ANDOVER's early admission apps down, admits up

From: Phillipian, Jan 11, 2008

Early Application Decisions Released; Duke Applicants Go Seven for Seven
Juliet Liu
Jan 11, 2008
Last month, Phillips Academy Seniors received 103 letters of acceptance to 57 colleges and universities across the country, giving the class of 2008 a 50 percent acceptance rate for early applications.
This year, 170 Seniors sent 208 early applications. As of January 9, 47 binding Early Decision applications and 56 non-binding Early Action applications were accepted.
Although the number of early applications decreased from last year’s 221, the percent of accepted applications is the same. However, the data regarding early admission is incomplete because some schools have yet to release their decision letters.
In a significant increase, Duke University accepted all seven students who applied early this year. Last year, Duke accepted three of the four applicants for early admission.
John Anderson, Director of College Counseling, said, “With Duke going seven out of seven, that was a huge surprise. Not to say that the students weren’t deserving, but usually that is not going to happen.”
“Those seven were candidates that we were interested in and that we were excited about,” said Leonard Satterwhite, Senior Associate Director and Acting Dean of Undergraduate Admissions at Duke University. “They were students we felt had compelling reasons on their own for them to be admitted.”
Satterwhite said, “We don’t have school quotas … for any given year, for us, any student that we admitted early decision we admitted for a certain reason, in terms of what we feel they would contribute to Duke - in terms of their talent or academic preparation.”
Harvard University and Princeton University both discontinued their early application programs after the 2007 admission process. The College Counseling Office anticipated that the Seniors who might have sought early admission to Harvard and Princeton would instead turn to other universities that offer a nonbinding form of early admission, otherwise known as Early Action.
Early Decision programs, in contrast, are binding for admitted students.
Anderson said, “With Early Decision, you have to really be certain that that school is where you want to go. That is why many were projecting increases at early action schools, because people aren’t just going to throw away an extra application.”
As expected, the number of applicants seeking non-binding early admission on a nation-wide scale swelled at some universities, including Yale and Stanford.

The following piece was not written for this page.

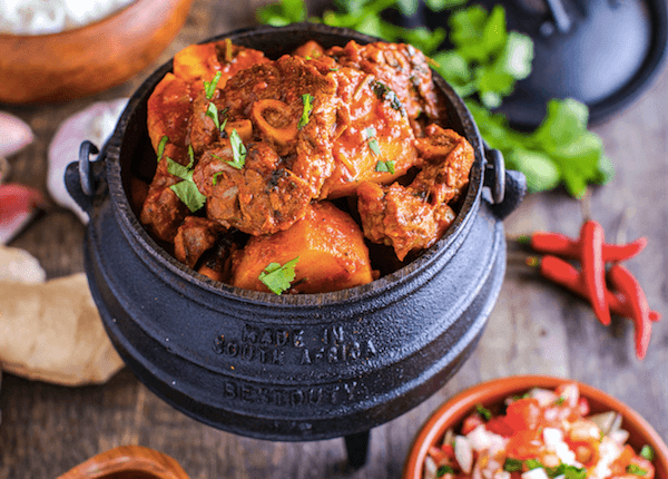 Potjiekos is a meat stew cooked for several hours over open fire with a variety of vegetables and usually includes also mielies, corn. This traditional stew is cooked in a potjie, which is usually a black cast-iron pot with three legs.

The College Counseling Office calculated an approximate 60 percent increase in the number of early applications to Yale. In 2007, 17 students applied early to Yale, whereas in 2008 the number grew to 27.

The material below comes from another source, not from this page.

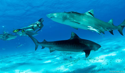 I’ve returned to shark lover’s paradise, Tiger Beach in the Bahamas, on another photographic expedition on board the Dolphin Dream owned by Scott. I’m here for two weeks, working on gathering images and footage for a new shark awareness video called Freediving with Sharks, and for my book project for the AfriOceans Conservation Alliance, the organization I founded and run. Freediving with the second most dangerous shark in world with nothing but my bikini made made me feel vulnerable, to say the least.

Other significant rises in early acceptances to colleges include those from the University of Chicago, with seven out of 12 applicants admitted this year, an increase from the three acceptances out of five applicants in 2007. Georgetown University also accepted seven Phillips Academy Seniors from 14 applicants this year, compared to six out of 19 acceptances last year.
Although the percent of admittances at individual colleges increased, the percent of early applicants from the Senior class declined from last year. 195 out of 327 Seniors, or 60 percent, from the Class of 2007 applied early. This year, 170 out of 301 Seniors, or 56 percent, from the Class of 2008 applied early.

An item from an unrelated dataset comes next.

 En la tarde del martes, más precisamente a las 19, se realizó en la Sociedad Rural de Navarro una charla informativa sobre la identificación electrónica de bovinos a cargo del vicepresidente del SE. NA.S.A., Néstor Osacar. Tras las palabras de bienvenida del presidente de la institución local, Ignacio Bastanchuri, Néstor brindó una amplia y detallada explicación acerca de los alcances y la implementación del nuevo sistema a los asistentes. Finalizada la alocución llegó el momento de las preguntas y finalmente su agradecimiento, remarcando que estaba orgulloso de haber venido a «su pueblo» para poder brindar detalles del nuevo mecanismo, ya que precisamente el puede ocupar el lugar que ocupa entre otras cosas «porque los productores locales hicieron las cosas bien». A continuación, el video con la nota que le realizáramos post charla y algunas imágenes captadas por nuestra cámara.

Anderson said, “It depends upon every individual student in an individual decision. I don’t see our students this year being so swept up in a frenzy of early applications, which I think is good. [The number of early applications] had been steadily and steadily going up until this year.”
He added, “College Counseling didn’t necessarily think it was a good thing. This year may be a reflection as to students just being more thoughtful about the whole situation. Having more time to consider all the possibilities may be a better route than to rush into focusing on a single college.”
Overall, Anderson said, this year proved to be “quite successful” for Phillips Academy Seniors in the early admission process.
“Most of the numbers are up in terms of the percent of students who were admitted to these schools,” said Anderson. “I think whenever there is a good number of students who are accepted early, I think that’s a really good reflection upon those students who did a good job of identifying what college matches them and then picking one of those.”
He continued, “Sometimes people seem to ask ‘What did the College Counseling Office do?’ In my sense, it’s really the effort of the students doing their research and doing a thorough job of analyzing how good of a match the college will be. It’s much more of what the students do than what we do.”